I get far better results in my projects by encouraging the model to argue, to push back, to poke holes in the design, to think creatively about corner cases, to be a devil's advocate, to do lateral web search to find alternatives, to challenge assumptions, to passionately advocate for what it believes is right.
But I don't want to engage all these assholes myself, so I spin them all up as critic subagents with another subagent to listen patiently and be the judge/arbiter.
If I have to choose between sycophancy and assholery, I think assholery gets far better results.
It's a marketplace of ideas where I don't have to suffer through all the unpleasant and overly confident know-it-alls.
> "I get far better results in my projects by encouraging the model to argue, to push back, to poke holes in the design, to think creatively about corner cases, to be a devil's advocate, to do lateral web search to find alternatives, to challenge assumptions, to passionately advocate for what it believes is right."
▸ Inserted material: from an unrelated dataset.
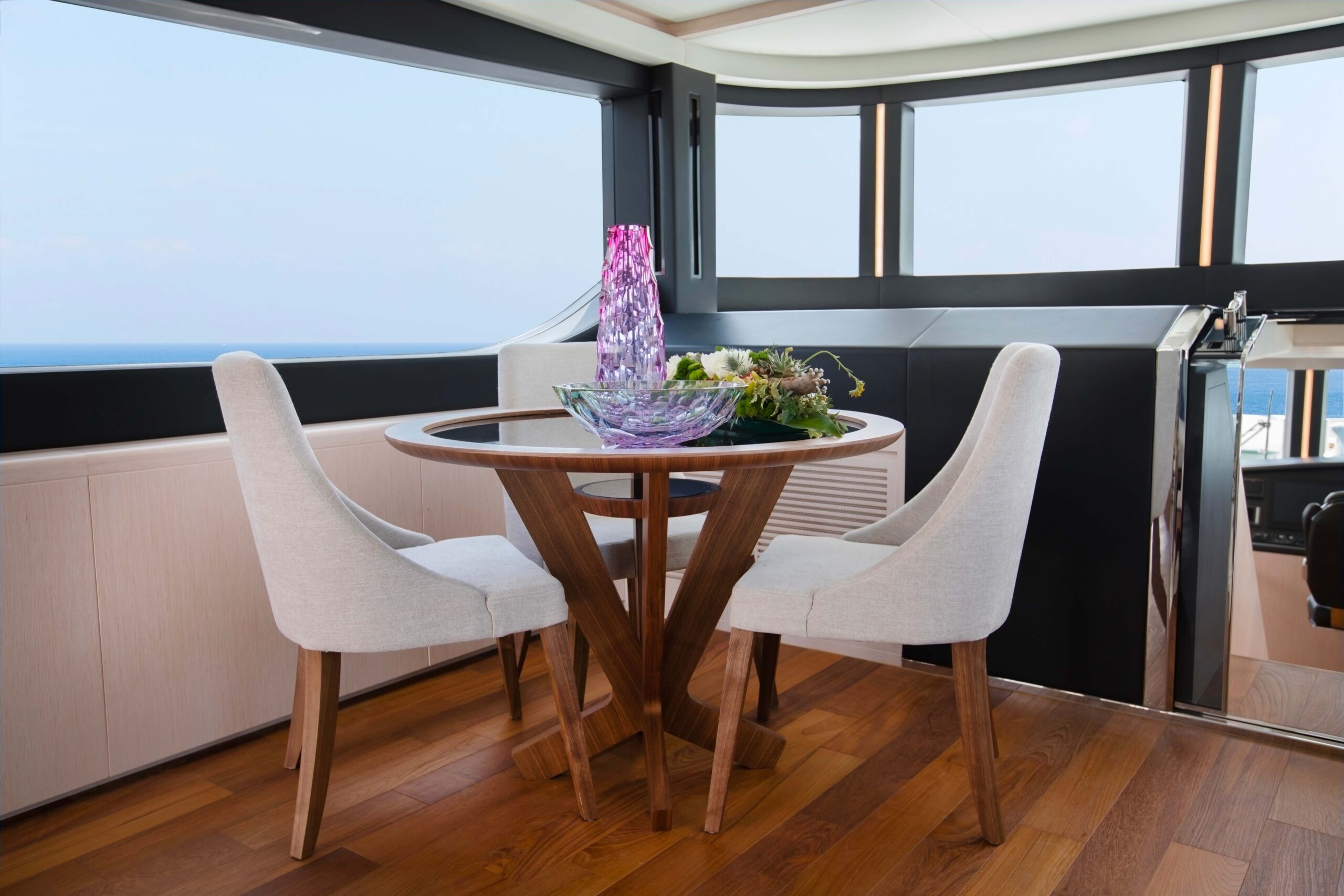 She is a Majesty 100 model and makes an ideal choice for charter vacations thanks to her expansive decks, additional interior sky lounge and efficient cruising consumption. She can accommodate up to 12 charter guests in five suites (2 convertibles have Pullman bunks) with six crew on board.

> "But I don't want to engage all these assholes myself, so I spin them all up as critic subagents with another subagent to listen patiently and be the judge/arbiter."
This is the way...
No, seriously. That "sycophancy" you mention immediately after this part drove me nuts before I really understood how these things work (it's taken me a while and a lot of [painful; I hate math] research, but well worth the learning effort), but after a better understanding of the "nuts and bolts" of it all, it's fairly easy to get exactly the kinda results one should expect outta these things. If not, then "you're just holding the tool wrong". ;)
I have never gotten a response from Claude that is anything other than blandly polite, including with Fable, which makes me assume that anyone finding themself getting argumentative responses is doing something very weird.
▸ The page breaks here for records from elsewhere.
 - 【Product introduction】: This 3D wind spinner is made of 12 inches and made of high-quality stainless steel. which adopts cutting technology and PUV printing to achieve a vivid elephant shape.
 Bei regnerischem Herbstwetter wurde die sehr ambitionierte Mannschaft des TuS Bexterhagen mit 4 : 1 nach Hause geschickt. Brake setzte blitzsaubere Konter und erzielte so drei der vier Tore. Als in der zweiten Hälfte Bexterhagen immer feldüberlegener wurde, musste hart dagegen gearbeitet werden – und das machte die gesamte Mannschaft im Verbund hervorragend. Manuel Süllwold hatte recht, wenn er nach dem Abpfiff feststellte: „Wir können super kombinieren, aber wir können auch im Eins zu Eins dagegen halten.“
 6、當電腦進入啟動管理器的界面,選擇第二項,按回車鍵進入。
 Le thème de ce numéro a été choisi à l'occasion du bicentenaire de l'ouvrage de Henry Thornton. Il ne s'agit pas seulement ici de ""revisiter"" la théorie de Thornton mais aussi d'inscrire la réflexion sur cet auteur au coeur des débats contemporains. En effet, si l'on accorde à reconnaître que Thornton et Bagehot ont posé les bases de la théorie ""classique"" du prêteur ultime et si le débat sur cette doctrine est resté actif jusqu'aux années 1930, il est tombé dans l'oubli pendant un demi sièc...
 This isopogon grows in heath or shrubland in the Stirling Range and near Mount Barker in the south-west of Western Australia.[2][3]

> If Claude is writing out combative and argumentative responses that's enough to call it "an argument".
That also sounds crazy. I've never seen it become combative or argumentative. It is just a bland sort of polite about everything I've ever asked or told it to do. But, even if it disagrees with me, WTF do I care? It's a machine. Its opinions are irrelevant to me. It can talk about the world's information and teach me about all sorts of things, and that's wonderful, but it doesn't get a vote in what I'm doing, and it's never avoided actually implementing anything I've ever asked of it. I feel like there's a whole world of ways people are using AI that are entirely foreign to me. And, while I'm hesitant to just say, "those people are wrong", I kinda want to say, "those people are wrong". What kinda freak shit are y'all getting up to that Claude is going, "now hold on a minute there, buddy."
I have managed to make self-hosted Qwen 3.6 get combative, though, when asked about Uyghurs. And, I guess Fable is intentionally broken for security work, which is a shame. But, even there, I'm not going to try to argue with it. Anthropic says they don't want my money for doing security work with Fable, so I guess I won't give it to them. I'm not going to argue with a damned machine about it.
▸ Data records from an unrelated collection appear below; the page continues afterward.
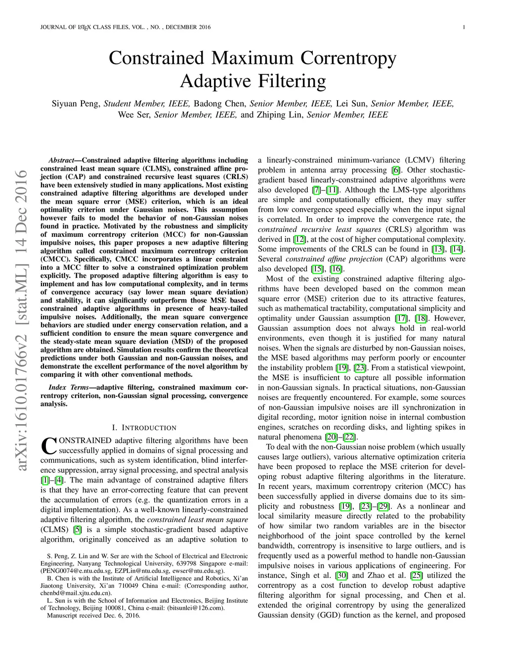 Constrained adaptive filtering algorithms inculding constrained least mean square (CLMS), constrained affine projection (CAP) and constrained recursive least squares (CRLS) have been extensively studied in many applications. Most existing constrained adaptive filtering algorithms are developed under mean square error (MSE) criterion, which is an ideal optimality criterion under Gaussian noises. This assumption however fails to model the behavior of non-Gaussian noises found in practice. Motivated by the robustness and simplicity of maximum correntropy criterion (MCC) in non-Gaussian impulsive noises, this paper proposes a new adaptive filtering algorithm called constrained maximum correntropy criterion (CMCC). Specifically, CMCC incorporates a linear constraint into a MCC filter to solve a constrained optimization problem explicitly. The proposed adaptive filtering algorithm is easy to implement and has low computational complexity, and in terms of convergence accuracy (say lower mean square deviation) and stability, can significantly outperform those MSE based constrained adaptive algorithms in presence of heavy-tailed impulsive noises. Additionally, the mean square convergence behaviors are studied under energy conservation relation, and a sufficient condition to ensure the mean square convergence and the steady-state mean square deviation (MSD) of the proposed algorithm are obtained. Simulation results confirm the theoretical predictions under both Gaussian and non- Gaussian noises, and demonstrate the excellent performance of the novel algorithm by comparing it with other conventional methods.
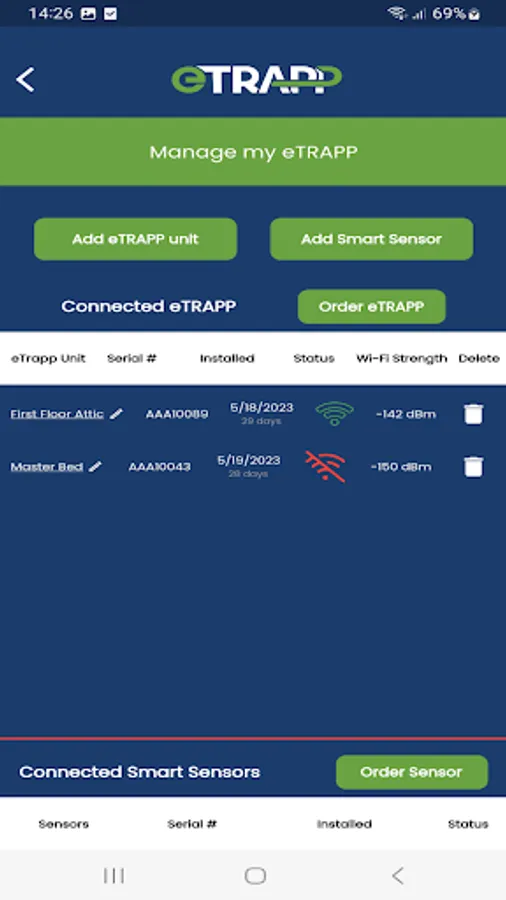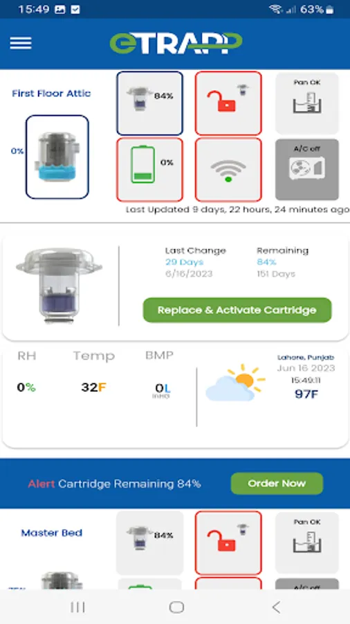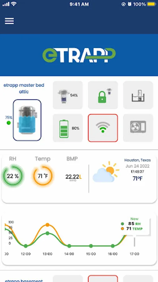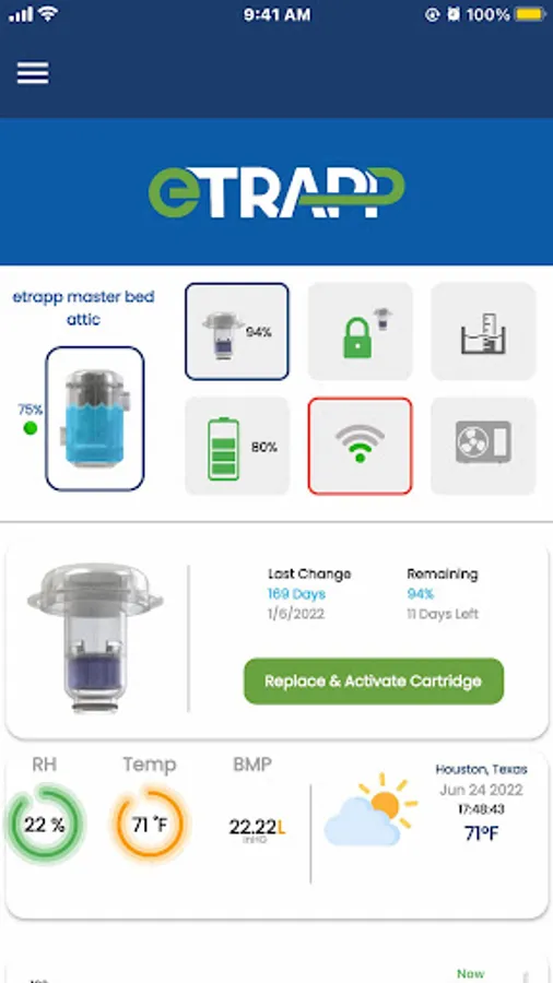 The eTrapp, eDelta’s patented condensate treatment system provides the technology to prevent growth of algae, fungi, and other organic compounds that create clogs in air conditioner (A/C) condensate systems. The eTrapp, uses state of-the-art proprietary sensing, condensate treatment and monitoring to provide continuous performance feedback via a wireless internet connection in the home. The performance data is available through an app running on a personal computer or mobile device/smart phone. Users can enable alerts that will automatically inform them of any flow irregularities or if a cartridge change is required. The eTrapp system will prevent expensive repair bills and finally solves the root cause of the long-standing problem of flooding caused by clogged condensate drain lines
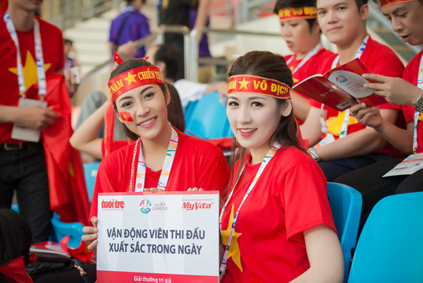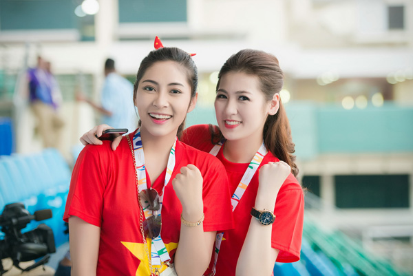 (ĐSPL) - Không chỉ khoe sắc đẹp lộng lẫy của mình, các Đại sứ SEA Games Phương Thanh, Tú Anh, Thu Thảo còn cổ vũ cuồng nhiệt cho thầy trò HLV Miura trong suốt trận đấu với đội tuyển Lào.
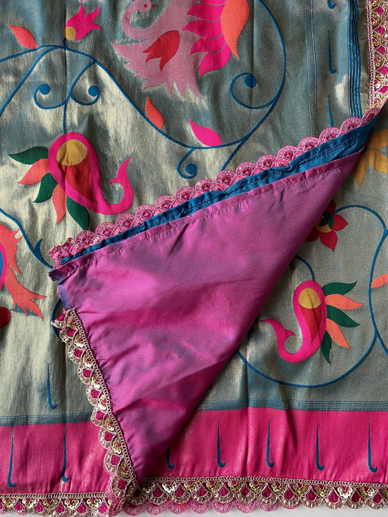 • Special Feature - It has paithani style along with weaving style that makes it an Unique Traditional  saree

The only point of "arguing" with an LLM is wholly for your own benefit, e.g. to check your biases or assumptions. But since they are easy to make turn around on their own statements it has limited utility.
Unless you are sparring with the Chipotle customer service bot trying to score a free burrito or something.
With 4.8 Claude has begun refusing to ground, leaking destabilizing injections into the web interface (in XML for some reason), and being generally argumentative.
By arguing he means trying to get a result that 4.6 just did and it was fun. You have to laboriously re-align 4.8 over incredibly dumb shit, especially if you're working on AI. And it's not meaningfully better at anything, the distribution is perturbed but net , net it's just shrinkflation.
It's basically identical to when GPT 5.1 went full corpo shill, something about the RLHF gradient necessary to do whatever IPO adjacent manipulation they need makes these things nasty and argumentative in general.
The problem the article is about is that suddenly even those of us who refuse to argue with a machine are being dragged into it.
I've had simple prompt engineering tasks that cause 4.8 to clamp down. In the past "browbeating" it (read: a sentence telling it not to read the task in bad faith) was enough.
Now it digs in and starts ranting about why it won't capitulate, I'm actually wrong, etc.
Extremely frustrating, and it became a problem with Opus 4.7 because they're trying to make up for the downgrade in parameter count with more RL, but RL does relatively poorly with non-trivially verified things like nuance in instructions.
I'm staying in a hotel right now and the TV is locked in hospitality mode and was blocking me from just installing Plex. It (Opus 4.8) gave me this whole jeremiad about how I need to be careful and it probably won't work and I should just watch on my laptop, but it did give me the service menu code. But man, it was such a downer.
Gemini gave it and clearly explained how best to get in, and then troubleshooted a few other weird issues that cropped up, without the moralizing.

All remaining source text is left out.